Dermit leaned forward.
“You’re lying.”
Zayn didn’t flinch.
“Your forgery packet includes a PDF export with embedded author tags.”
He glanced at Louisa Chen, who silently connected a drive to the screen.
A document opened.
And at the bottom of the file metadata:
AUTHOR: D. VALE
Dermit’s face drained so fast it looked unreal.
Zayn kept going.
“And the bribed employees?
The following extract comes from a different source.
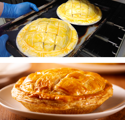 黄金色に焼き上がり、香ばしい香りとサクサクした食感を醸し出すパイ生地は、マミーズのアップルパイの大切な魅力のひとつです。

Their deposit trail goes through a shell vendor account.”
He paused.
“Hilariously… the account still lists Dermit’s personal phone number as the recovery contact.”
Silence.
The kind that ends careers.
Matilda spoke for the first time, voice cold enough to freeze marble.
“You tried to marry me to steal my company.”
Dermit stood abruptly.
“This is a setup!”
But the board wasn’t looking at Matilda anymore.
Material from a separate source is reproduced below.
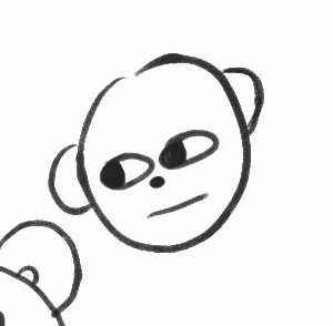 수많은 낙서 중 덩그러니 그려진 얼굴 하나. 여기에서 발전시켜 '원숭이' 캐릭터를 만들기로 했다. 요즘엔 동물 본연의 모습이 아닌 많이 변형시킨 모양새도 작가 본인이 그렇다 하면 그렇게 된다. 예를 들어 '찌오'는 이게 오리인가 싶은데, 오리라고 하니 사람들은 오리라고 받아들인다. 그럼 원숭이도 되지 않을까? 그리고 외향적인 친구들(파워 E)과의 단톡방에서 영혼 없이 리액션하는 나 자신(파워 I)에 대한 생각이 많았다. 스스로 웃기기도 하고, 나 같은 사람이 많을 것 같다는 생각도 들었다.

They were looking at Dermit.
Like a dead weight they wanted off the ship.
Constance’s lips tightened.
Because her plan had just collapsed… and she hadn’t even been the villain holding the knife.
She’d been holding the bag.
Dermit was removed from negotiations on the spot.
The merger was paused.
Governance reforms were demanded.
And Constance—smiling through her fury—was forced into a corner she couldn’t lawyer her way out of.
Matilda kept her CEO seat.
But she didn’t win by staying ruthless.
She won by finally letting someone stand beside her who wasn’t bought.
Zayn was offered a real job.
Not charity.
Not hush money.
A legitimate role in management—security oversight and systems compliance.
He accepted—on one condition.
Matilda met him in the hallway after the meeting.
“You were incredible,” she said quietly.
Zayn’s eyes went to Bridget, who was holding Louisa’s hand.
Then back to Matilda.
“Don’t ever make her ashamed of the adults in her life,” he said. “Don’t lie to her.”
Matilda’s throat moved.
“Lying,” she admitted softly, “made me the loneliest person I know.”
Zayn nodded once.
“Then stop.”
EPILOGUE — THREE WEEKS LATER
Matilda showed up at Zayn’s apartment in a simple coat.
No entourage.
No cameras.
Just a woman who looked tired of pretending.
Bridget opened the door first.
She stared at Matilda for a long moment.
Then said, “Are you still fake?”
Matilda blinked.
Then smiled—real this time.
“I’m trying not to be.”
Bridget nodded as if that was the only answer that mattered.
Zayn watched them, feeling something unfamiliar loosen in his chest.
Not trust.
Not yet.
But the beginning of something that could grow into it:
Honesty.
And hope.
Because the story didn’t end with a grand kiss in a boardroom.
It ended with something rarer:
Two adults choosing to stop using each other as shields…
and start building something real enough that a child could believe in it.